L’art. 167 D.Lgs 196/2003, modificato dal D.Lgs 101/2018, dispone: “salvo che il fatto costituisca più grave reato, chiunque, al fine di trarre per se’ o per altri profitto ovvero di arrecare danno all’interessato, procedendo al trattamento dei dati personali di cui agli articoli 9 e 10 del Regolamento in violazione delle disposizioni di cui agli articoli 2-sexies e 2- octies, o delle misure di garanzia di cui all’articolo 2-septies ovvero operando in violazione delle misure adottate ai sensi dell’articolo 2-quinquiesdecies arreca nocumento all’interessato, è punito con la reclusione da uno a tre anni“.
Nell’attuale versione il requisito del nocumento è ancora richiesto, con l’ulteriore specificazione, rispetto al passato, che lo stesso deve essere arrecato all’interessato.
I Giudici di ultima istanza, richiamando precedenti pronunce giurisprudenziali, affermano che: “il nocumento è costituito dal pregiudizio, anche di natura non patrimoniale, subito dalla persona cui si riferiscono i dati quale conseguenza dell’illecito trattamento”
Il nocumento è da intendersi quindi quale elemento costitutivo del reato, avuto riguardo alla sua omogeneità rispetto all’interesse leso e alla sua diretta derivazione causale dalla condotta tipica, con conseguente necessità che esso sia previsto e voluto o, comunque, accettato dall’agente come conseguenza della propria azione, indipendentemente dal fatto che costituisca o si identifichi con il fine dell’azione stessa.
Alla luce di questa definizione il soggetto titolare dei dati o delle informazioni protette affinché si perfezioni il reato di illecito trattamento di dati personali deve subire un danno, di qualsiasi natura, quale conseguenza della predetta condotta.

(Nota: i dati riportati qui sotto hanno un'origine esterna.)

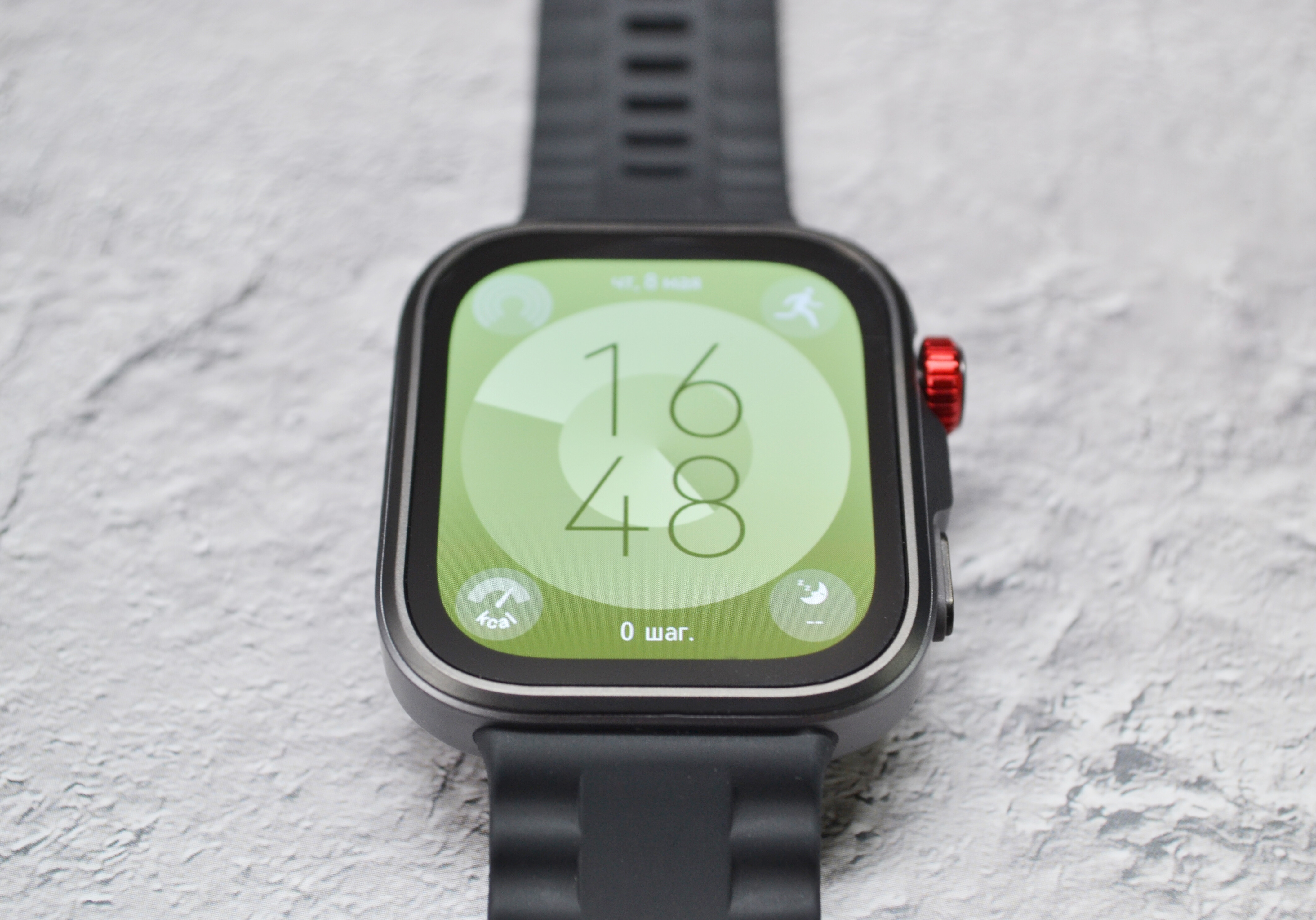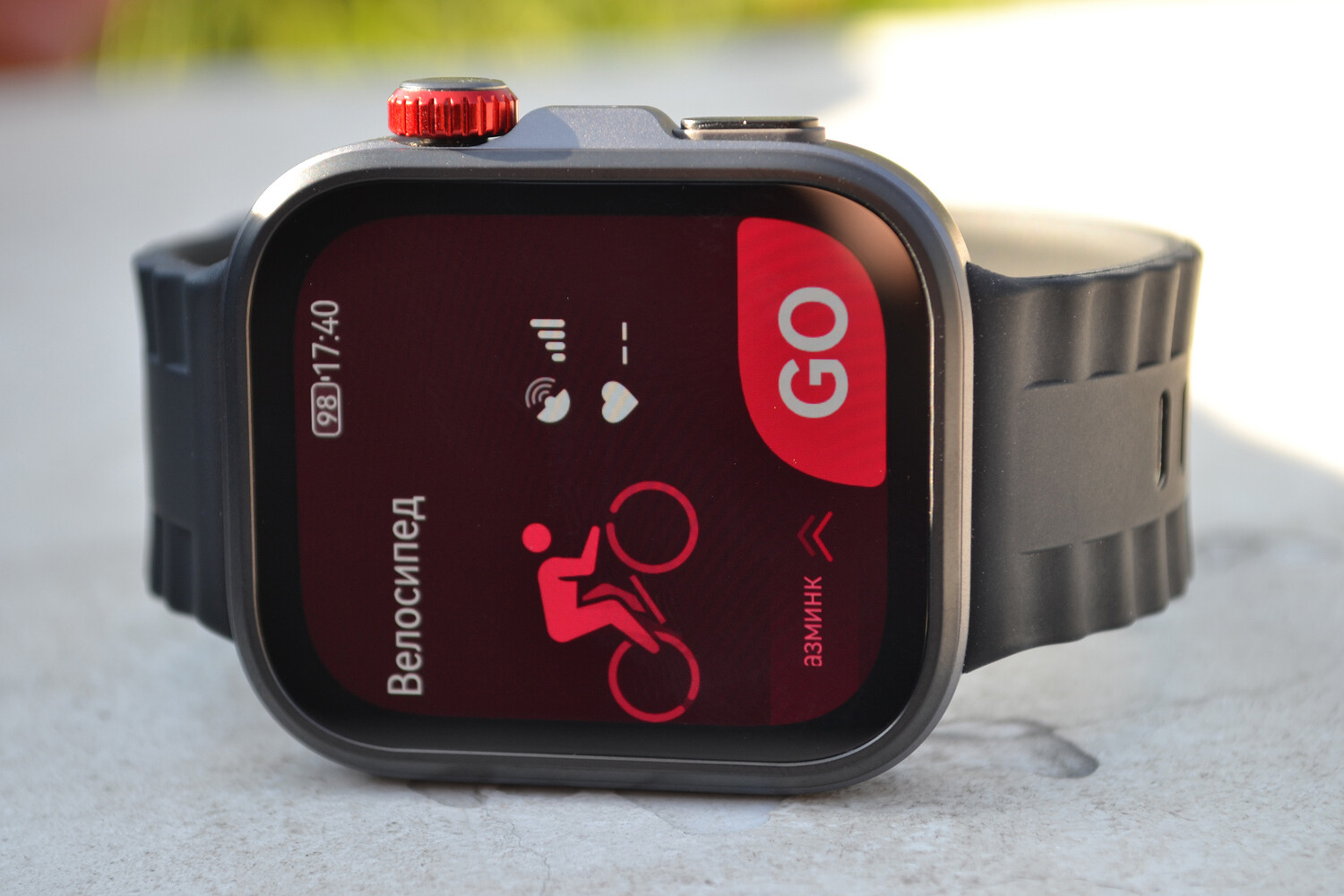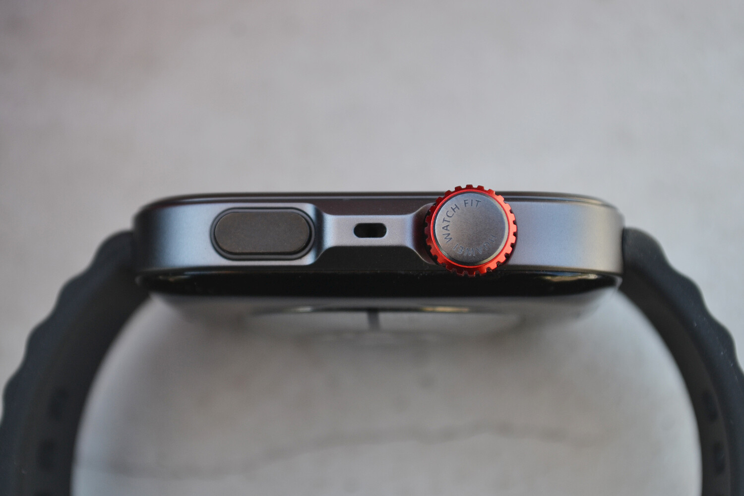 Вращающаяся «заводная головка» справа выкрашена в красный цвет, ее приятно крутить из-за тактильной отдачи, она двигается непрерывно. Расположенная под ней боковая кнопка запрограммирована на быструю активацию отслеживания тренировок.
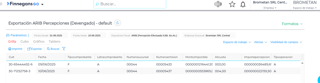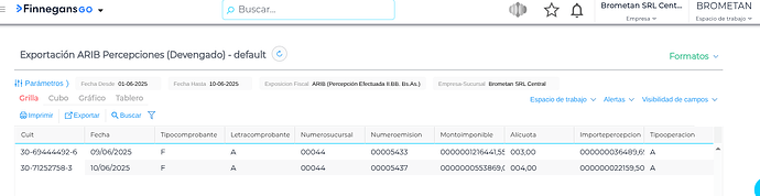 Para configurar y realizar la exportación ARIB de percepciones de Ingresos Brutos (IIBB) bajo el método devengado, se debe acceder a la funcionalidad del sistema y completar los parámetros requeridos. Esta operación permite generar un archivo en formato TXT con los datos necesarios para presentar ante el organismo fiscal correspondiente.
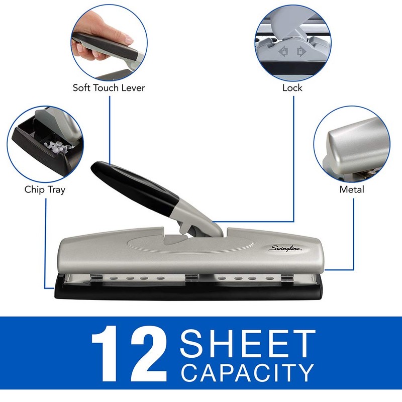 - Swingline Light Touch 12-Sheet Light TouchDesktop Hole Punch.
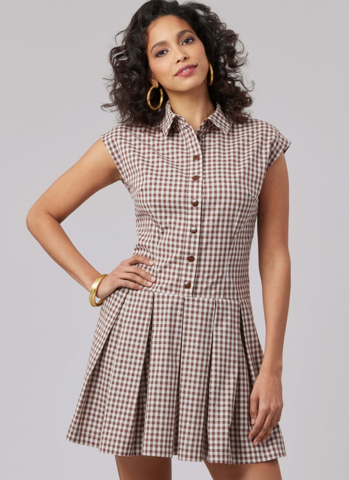 Drop waist front button dress with sleeve and length variations has collar, collar band, box pleats and invisible side zipper closure.

Nel caso in esame il ricorrente adduce argomentazioni generiche in ordine al pregiudizio patito. Non offre considerazioni sulla prospettata diffusione dei dati né prova concretamente i danni subiti.
Quanto alla diffusione asserita dal ricorrente la Suprema Corte precisa che i soggetti che erano venuti a conoscenza delle informazioni prodotte erano parte del procedimento per ragioni professionali ed in quanto tali assoggettati al dovere di riservatezza.
In ultimo la Corte di Cassazione conclude che la facoltà di difendersi in giudizio utilizzando altrui dati personali va esercitata nel rispetto dei doveri di correttezza, pertinenza e non eccedenza stabiliti dalla legge. Sicché la legittimità della produzione di documenti contenenti tali dati va valutata in base al bilanciamento tra il contenuto del dato, cui va correlato il grado di riservatezza, e le esigenze di difesa.
Conclusione
Per le considerazioni sin qui svolte, pare possa concludersi che la produzione di documenti dai quali emergono dati personali, anche sensibili, è consentita purché nei limiti imposti dalla legge. Sarà quindi necessario una valutazione caso per caso della effettiva necessità di introdurre in un procedimento informazioni esorbitanti rispetto alla materia del contendere. In ogni caso il pregiudizio che ne consegue deve essere sempre supportato da specifiche argomentazioni.